26. listopada
w restauracji „Oskar” w Kórniku oraz dwa dni później w restauracji „Casablanca”
w Bninie odbyły się pierwsze debaty w ramach ogólnogminnego forum
„Popieram Kórnik!”. Obie debaty
zorganizowane zostały przez założycieli forum – Katarzyny Kaczmarek, Grzegorza
Firleja oraz Mateusza Rozynka. Tematy przewodnie można było zgłaszać na stronie
www.popieramkornik.pl.
„Ideą tych spotkań jest przyjść, usiąść i
porozmawiać, potem wrócić do siebie i powiedzieć kolejnym osobom o tej
inicjatywie oraz zaprosić ich na kolejne spotkanie. Każdy głos, każda opinia
warte są uwagi” – powiedział Mateusz Rozynek otwierając spotkania.

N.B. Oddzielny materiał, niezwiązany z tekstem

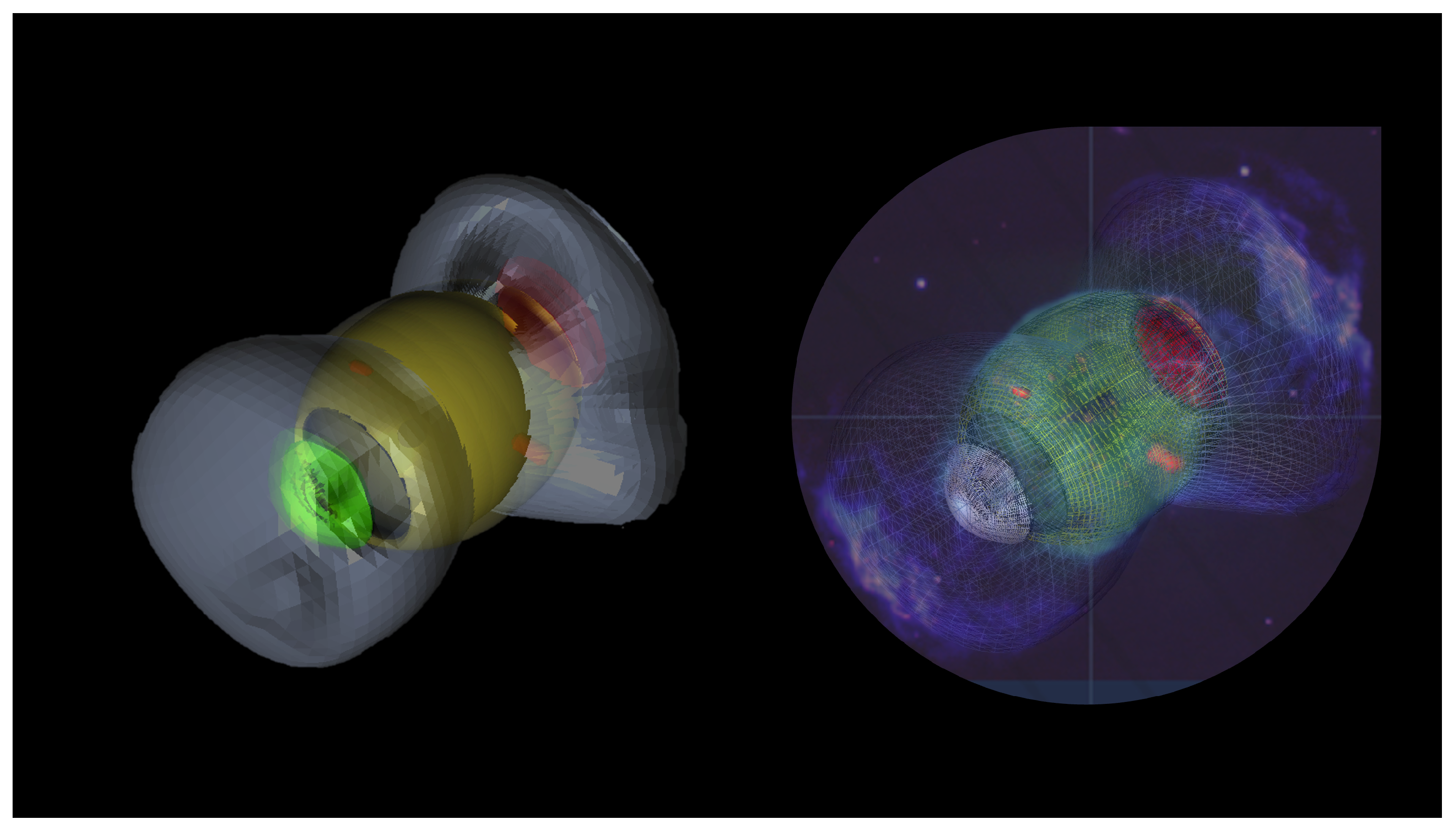 - At this stage, the modifiers SIZE or SQUEEZE are applied to transform the sphere into an ellipsoid or even into a bipolar structure. In some cases, only a section of these surfaces is employed to reproduce the observed morphology. For example, an ellipsoid may be used to represent a cap, but this does not imply the existence of the entire ellipsoid, only the region that matches the observed feature. This approach allows us to both estimate the distance from the geometric centre to the cap and assign a velocity law consistent with its expansion.

Uczestniczyli w nich m.in. radni: Maciej Marciniak, Marek Broniewski, Irena
Kaczmarek i Bogdan Wesołek, a także społecznicy oraz aktywni mieszkańcy
Kórnika, Bnina i okolicznych miejscowości.
Pierwszy temat
debaty zgłosił Maciej Brylewski. Zaproponował, aby podyskutować nad możliwością
utworzenia i późniejszego działania w Kórniku i Bninie jednostek pomocniczych
gminy – dzielnic, osiedli bądź sołectw. Podkreślił, że mieszkańcy miast(a)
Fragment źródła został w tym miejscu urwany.